Since the control objective is to ensure stable operation of the system and to ensure good performance on the ac side, therefore,G dc andG v with a priority. In the context of figure 2 of the drawings,G dc orG v Firstly, evaluating and comparing all available switch states of the inverter to obtain K selected objective functionsG dc OrGSmaller voltage vectors, and then deliver to the next control step;
evaluating each voltage vector by a first evaluation moduleIs/are as followsG dc OrG v Selecting K objective functionsG dc OrG v A smaller voltage vector;
evaluating the K selected voltage vectors by means of a second evaluation moduleG v OrG dc Selecting M target functions from K voltage vectorsG v OrG dc A smaller voltage vector;
evaluating the M selected voltage vectors by means of a third evaluation moduleG i Selecting and obtaining an objective function from M voltage vectorsG i And the minimum voltage vector is the optimal voltage vector in the next control period.

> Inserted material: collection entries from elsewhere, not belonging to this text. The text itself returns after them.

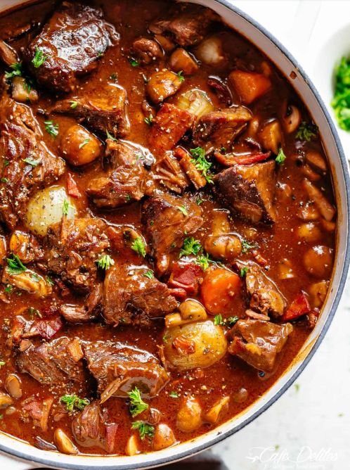 [Beef Stew in Red Wine, with Bacon, Onions, and Mushrooms]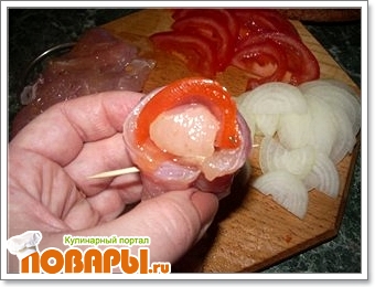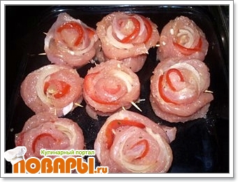 Делаем розочку из филе. Вырезаем небольшой брусочек из филе - это будет серединка. На пластину филе кладем пластину помидора и оборачиваем вокруг серединки, закрепляем зубочисткой. Берем еще пласт филе, на него кладем пластинку лука, оборачиваем вокруг нашего бутончика.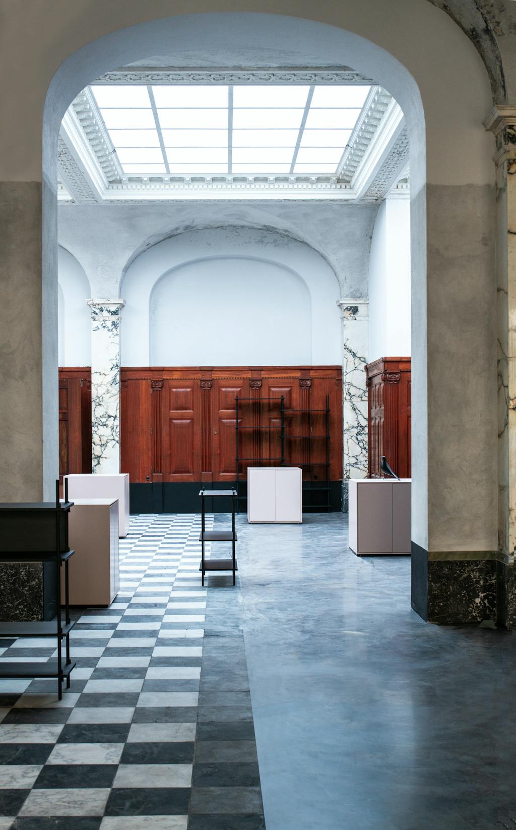 Indretningen af butikken er yderst spændende, da Paustian har formået at kombinere moderne, smukke farver med bygningens originale detaljer, og tilsammen leder det tankerne hen på Milanos smukke paladser.

The foregoing "G dc OrG v "and"G v OrG dc "means that the first evaluation module can be paired withG dc To evaluate, can alsoG v Performing evaluation if the first evaluation module is rightG dc The second evaluation module is used for evaluationG v The evaluation is carried out by naming the evaluation mode asG dcc (ii) a If the first evaluation module pairG v The second evaluation module is used for evaluationG dc The evaluation is carried out by naming the evaluation asG cdc
And 7: a simulation model is built by Matlab/Simulink, and the provided scheme is verified, wherein the specific implementation process is as follows:
different evaluation sequences (G v AndG dc ) And different values of K and M will affect the performance of the system, different evaluation sequences and different values of K and M are selected, and the average switching frequency is adjustedfThe dc voltage error and the ac side capacitor voltage amplitude error are compared as shown in fig. 3 (a) to 3 (c) and fig. 4 (a) to 4 (c), wherein,G dcc the dc portion is first evaluated for the first time,G cdc indicating side current of ACThe capacitance voltage is first evaluated.
FIGS. 3 (a) to 3 (c) are the results of comparison when M is 2,K and when K is 7,M, and when K is 3242, it can be seen from observation that, when the value of K is relatively large,G dc hardly plays a role, and thus oscillation occurs. When both the value of K and the value of M are relatively small,G dc andG v all play a great role. Observation ofG cdc Can find that firstly, the first pairG v When the value of K is smaller, the quality of the voltage on the alternating current side is higher, but the voltage on the direct current side is influenced to a certain extent. When the value of K is large, the smaller the value of M,G dc the larger the effect, the better the voltage performance on the dc side, but the voltage performance on the ac side is affected to some extent. Meanwhile, the larger the value of K, the larger the corresponding calculation amount. The voltage stability on the ac side is balanced against the voltage quality on the dc side, and it is recommended to choose a value of K that is half the total number of switch states.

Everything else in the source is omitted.